- **REQUIREMENT**: Copy only what lies from the line containing "Grid Pattern Cuff Beanie with Visor" through the line containing "販売部N「寝るときにカップ付" in the entries below, keeping both end lines exact and dropping every picture.

==== DATA SUPPLIED

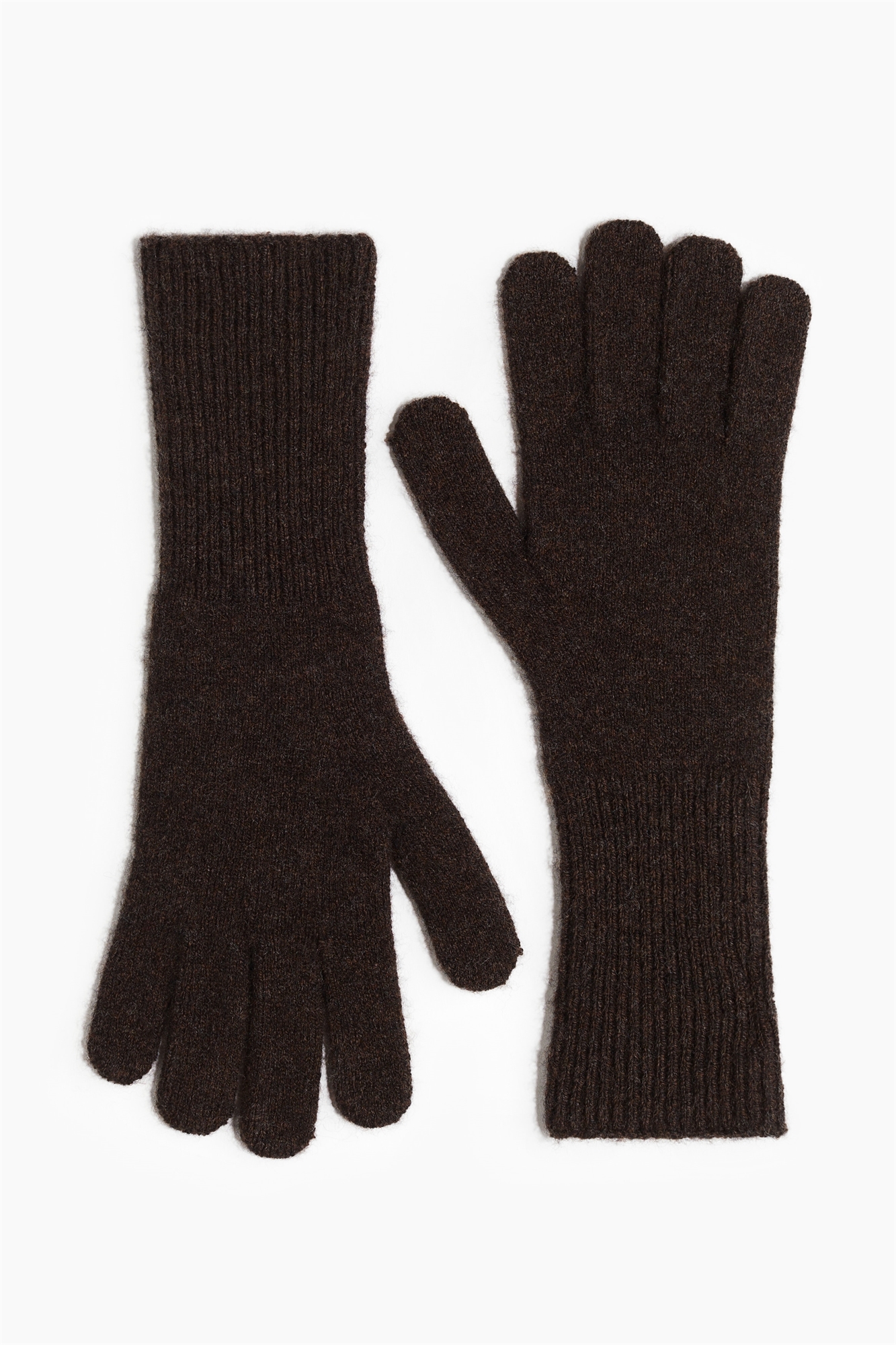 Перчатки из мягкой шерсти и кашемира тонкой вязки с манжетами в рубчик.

========
==== DATA SUPPLIED

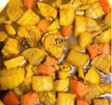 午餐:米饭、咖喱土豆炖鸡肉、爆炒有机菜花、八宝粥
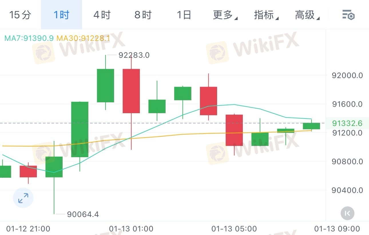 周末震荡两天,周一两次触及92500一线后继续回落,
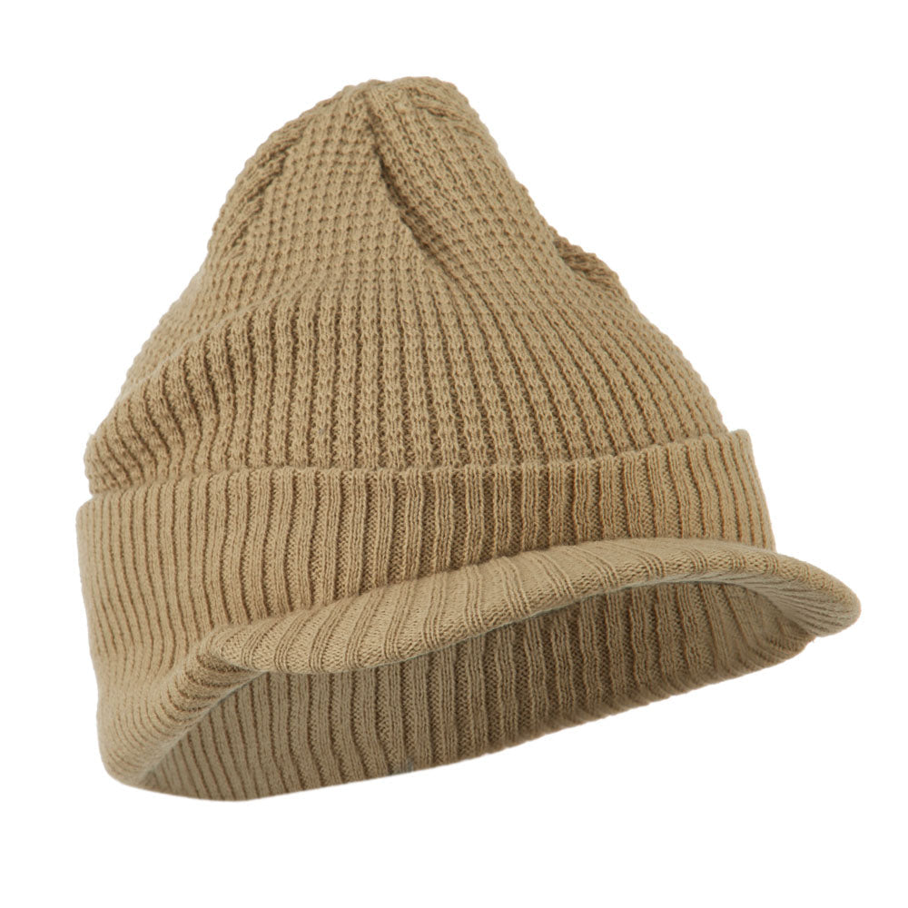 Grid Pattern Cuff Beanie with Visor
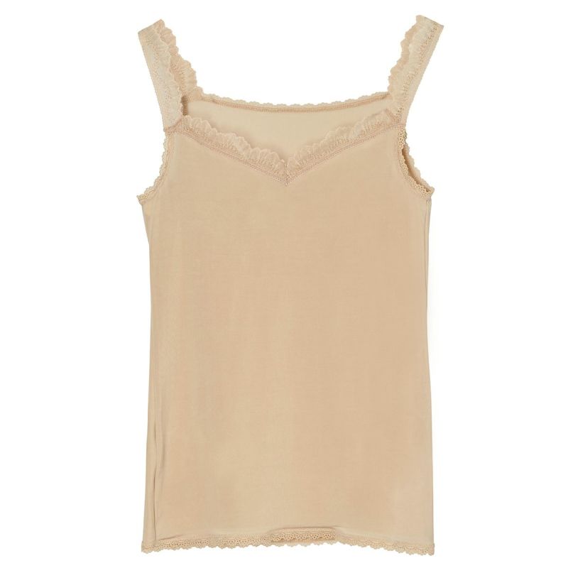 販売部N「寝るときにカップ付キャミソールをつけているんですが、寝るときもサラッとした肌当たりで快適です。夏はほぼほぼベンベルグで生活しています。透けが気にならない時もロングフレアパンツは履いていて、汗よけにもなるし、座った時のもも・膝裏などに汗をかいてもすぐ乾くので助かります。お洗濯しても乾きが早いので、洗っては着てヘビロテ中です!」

========
==== DATA SUPPLIED

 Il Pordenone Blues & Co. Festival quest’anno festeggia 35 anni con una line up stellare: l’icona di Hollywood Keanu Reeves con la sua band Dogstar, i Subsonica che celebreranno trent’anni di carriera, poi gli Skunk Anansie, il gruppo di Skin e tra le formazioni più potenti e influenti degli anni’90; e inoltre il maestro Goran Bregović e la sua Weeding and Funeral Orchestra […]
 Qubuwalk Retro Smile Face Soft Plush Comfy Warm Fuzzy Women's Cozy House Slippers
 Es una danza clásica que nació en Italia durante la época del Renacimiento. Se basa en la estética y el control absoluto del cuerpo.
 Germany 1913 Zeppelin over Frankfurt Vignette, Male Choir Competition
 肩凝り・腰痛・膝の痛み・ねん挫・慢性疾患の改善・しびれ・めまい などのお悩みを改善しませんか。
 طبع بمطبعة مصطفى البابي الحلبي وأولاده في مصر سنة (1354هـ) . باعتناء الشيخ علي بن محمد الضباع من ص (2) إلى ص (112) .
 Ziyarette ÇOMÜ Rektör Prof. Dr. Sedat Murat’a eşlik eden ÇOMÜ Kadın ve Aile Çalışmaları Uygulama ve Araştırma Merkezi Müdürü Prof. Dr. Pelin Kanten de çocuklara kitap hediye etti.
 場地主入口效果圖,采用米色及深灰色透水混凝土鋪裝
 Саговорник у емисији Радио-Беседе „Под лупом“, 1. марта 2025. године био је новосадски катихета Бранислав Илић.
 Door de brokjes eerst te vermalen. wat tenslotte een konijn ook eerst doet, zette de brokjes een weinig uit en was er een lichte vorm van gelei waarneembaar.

========

- **EXERCISE OUTPUT**:
 Grid Pattern Cuff Beanie with Visor
 販売部N「寝るときにカップ付キャミソールをつけているんですが、寝るときもサラッとした肌当たりで快適です。夏はほぼほぼベンベルグで生活しています。透けが気にならない時もロングフレアパンツは履いていて、汗よけにもなるし、座った時のもも・膝裏などに汗をかいてもすぐ乾くので助かります。お洗濯しても乾きが早いので、洗っては着てヘビロテ中です!」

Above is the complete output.